I think that withholding sexual education and access to contraception is either a form of abuse or it is a form of terrorism. Access to contraceptives does not turn chaste individuals into libertines as some would seem to think, but it does allow women the same privilege men have – to be sexually active without being pregnant and dependent. When contraception does not work, it may be that a woman’s only rational choice is abortion. I’m glad it’s not my choice, but I honor the women who have to make that choice, regardless of what they choose. I submit to you that it is up to each woman to make that choice for herself – it is not for her parents, her husband or her boyfriend to make the decision for her, but it is their place to support her in her decision. For a man to decide whether a woman should have an abortion is an assault on her ability to determine the use to which her own body will be put just as surely as rape is such an assault.

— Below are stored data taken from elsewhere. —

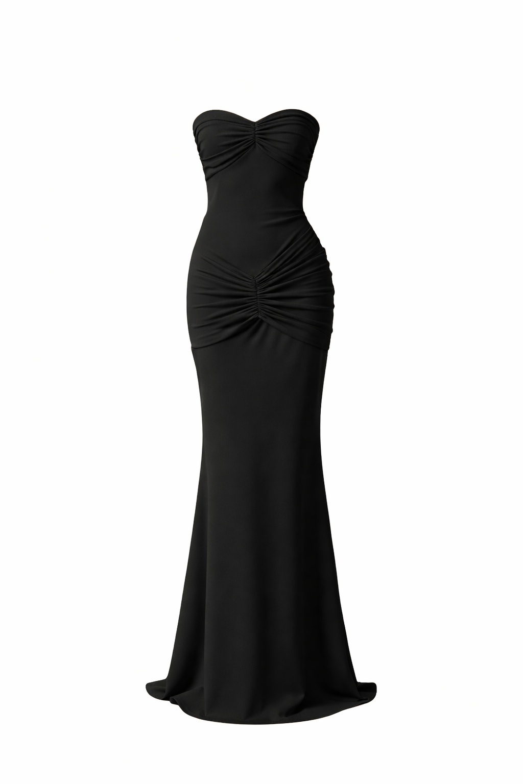 Confeccionado en tela licrada con efecto crepé al tacto, este diseño incorpora nuestra característica elegida tanto en la parte superior como en la inferior, creando una silueta favorecedora. Además, el vestido presenta un sutil vuelo en la parte baja, que añade movimiento y elegancia al diseño.
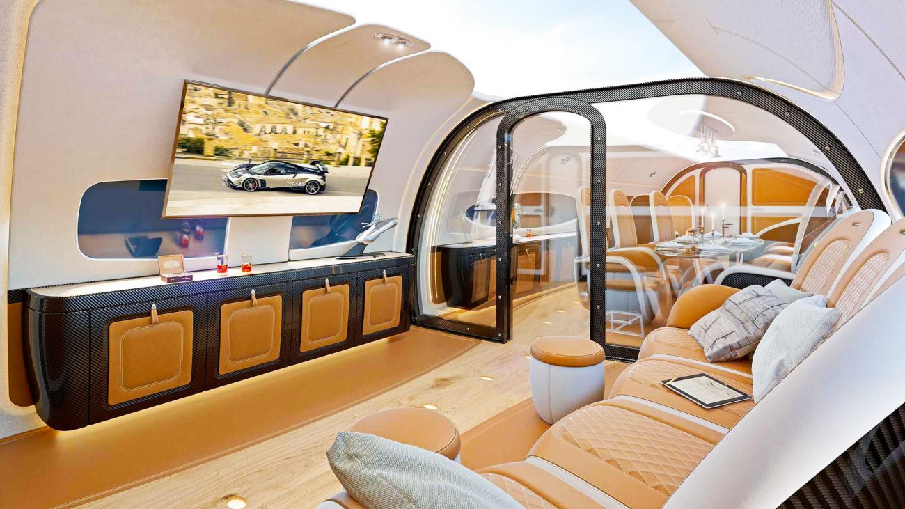 Caratterizzato da soluzioni stilistiche estremamente eleganti, l’interno ‘Infinito’ di uno speciale Airbus ACJ319neo è stato studiato dagli uomini di Pagani Automobili e trova ispirazione nella Huayra BC
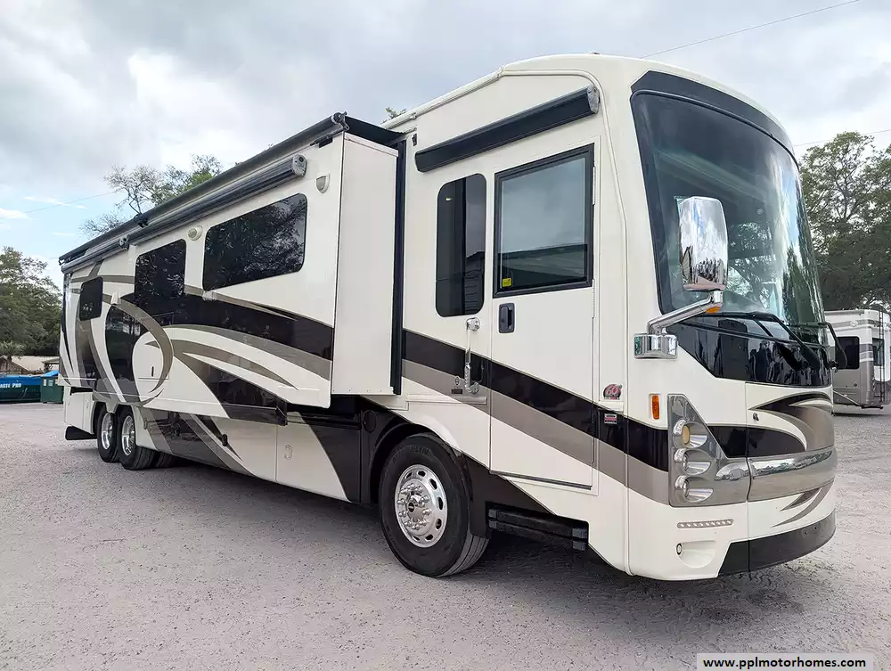 Experience the pinnacle of luxury travel with this 2014 Tuscany 42WX, the flagship diesel pusher from Thor Motor Coach. Renowned for its residential-grade elegance and superior handling on the open road, this 42-foot motorhome is built on a heavy-duty Freightliner chassis and powered by a formidable 450hp 8.9l Cummins engine. Every mile is a pleasure thanks to the air bag suspension and exhaust brake, while the high-quality fiberglass body and roof provide the durability and insulation needed for serious travelers. With three spacious slide-outs, an Onan diesel generator, and three ducted air conditioners, this coach is meticulously engineered to offer a smooth, quiet, and reliable foundation for your next cross-country adventure.

There is ample evidence that rape is rarely a sexual crime – it is a crime of dominance, a crime of politics and terrorism. Child abuse rarely seems to be a deliberately planned process, but more something that happens when people don’t know any other way to behave. Our challenge is to affirm that violence is wrong, to confront violent behavior in a way that causes it to stop, whether it be sexual or physical or psychological, while maintaining our compassion for the violent, who are often the victims of violence perpetrated by their own parents.

You have heard two stories this morning that point at progress we have made. But the story read by Alison, published recently in the New York Times under the title “No One Called me a Slut” is 35 years out of date, and we have, sadly, slipped backwards since then. Honoring the worth and dignity of every person includes honoring the worth and dignity of women as much as of men; it means seeing women as the agents of their own destinies rather than as the incidental victims of the destinies of their men. Choice, for women, is not just about reproductive justice – though that issue screams loudly at us – it is also about a host of other choices in life, many of which are dependent on women being free of rape, physical abuse, intimidation and domination by the men in their lives.

The Unitarian Universalist Association has set reproductive justice as a congregational study/action item. I have told you what I believe. What do you believe? What can we do about it? What can the UUA do about it? How do we get moving?

Let us resolve now to study this issue and to look for ways to help to ensure dignity, worth and justice – including reproductive justice – for all people.